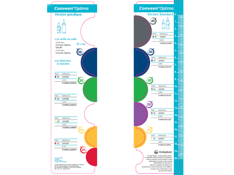 Le choix de la taille de l’étui est fondamental. Si le diamètre n’est pas adapté à celui de la verge, l’étui glisse et des fuites se produisent ou bien la verge s’irrite. Pour cela, le mesureur Conveen® Optima doit être utilisé.
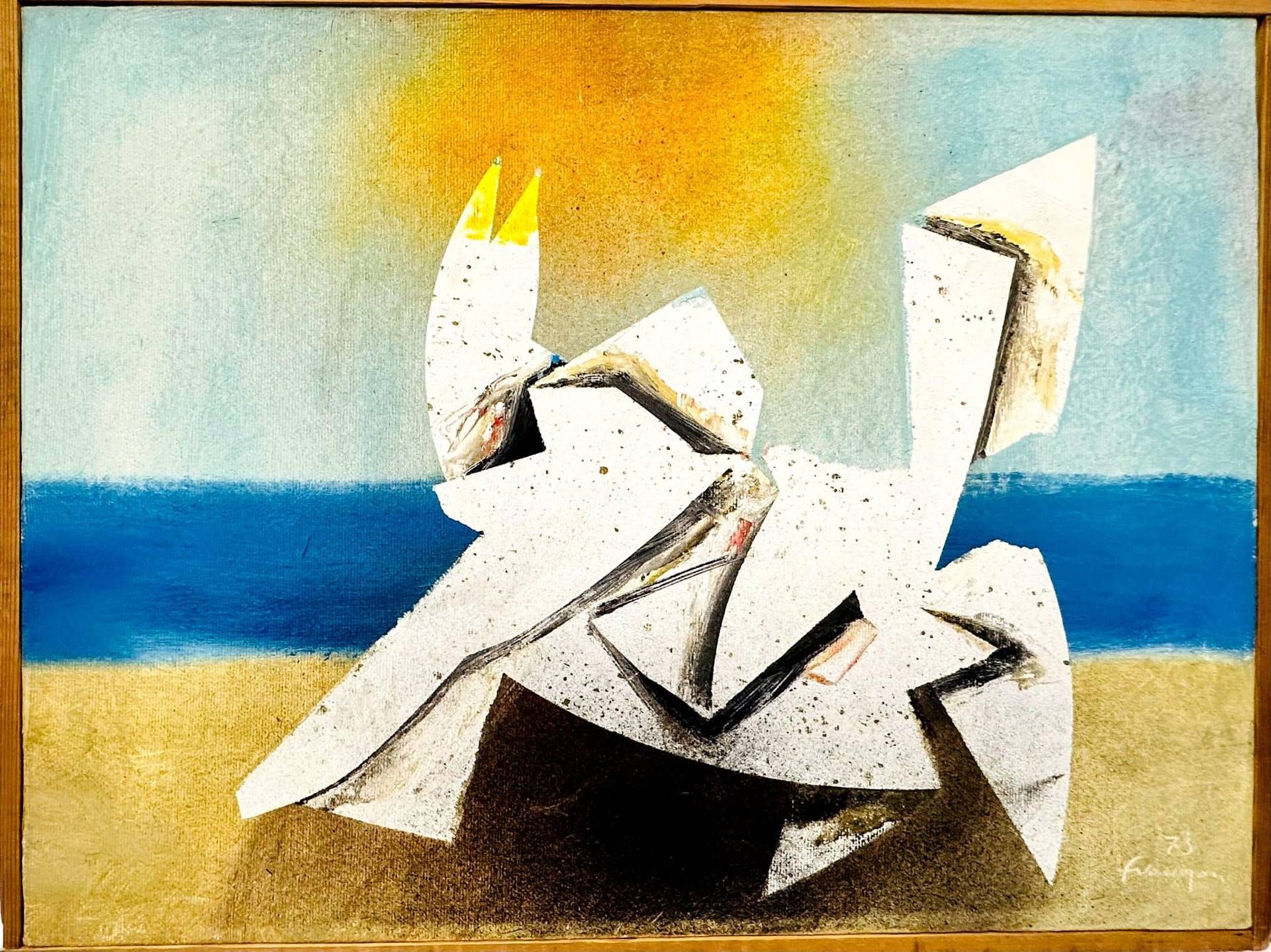 Umberto Croppi writes: “Rome represents, for Vaccarone, the arrival at a synthesis between the avant-garde and the great Italian pictorial and engraving tradition. While he worked as an engraver, he did not abandon his pictorial practice: indeed, those were the years in which he began the most significant cycles of his production, those which he dedicated to the ‘Seagulls’ and the ‘Clochards’. It is in this series of works that he defines his very personal profile in a form of semi-abstractism, following two parallel lines. The theme of Ligurian origins, symbolized in the flight of sea birds, a sign of movement and freedom, and the urban theme of marginalization and defeat, which also implies an ironic streak, which will be a constant in the life as well as in the poetics of the master”.
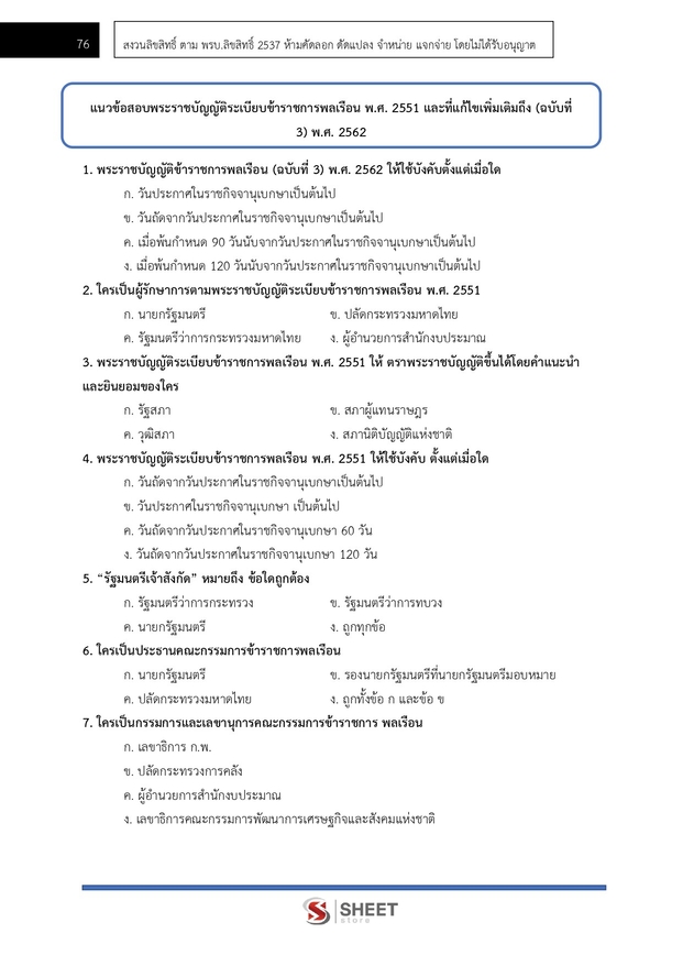 – แนวข้อสอบสรุปสาระสำคัญพระราชบัญญัติระเบียบข้าราชการพลเรือน พ.ศ.2551 และที่แก้ไขเพิ่มเติมถึง (ฉบับที่ 3) พ.ศ.2562
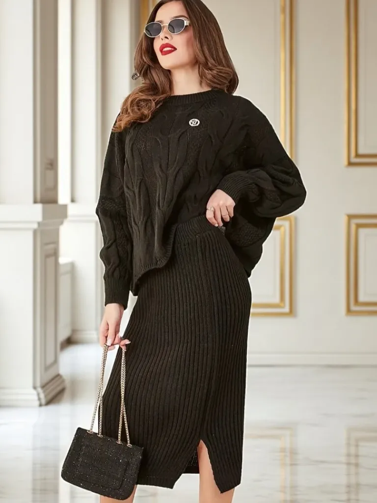 Outlet Akrylowy pleciony komplet damski ze swetrem i spódnicą Warm&Fuzzy Damskie Komplety Damskie
------
WHAT NEEDS TO BE DONE:
Reproduce nothing but the lines from the line containing "(ฉบับที่ 3) พ.ศ.2562" through the last line of the data above, exactly as written and without pictures.

SOLUTION:
 – แนวข้อสอบสรุปสาระสำคัญพระราชบัญญัติระเบียบข้าราชการพลเรือน พ.ศ.2551 และที่แก้ไขเพิ่มเติมถึง (ฉบับที่ 3) พ.ศ.2562
 Outlet Akrylowy pleciony komplet damski ze swetrem i spódnicą Warm&Fuzzy Damskie Komplety Damskie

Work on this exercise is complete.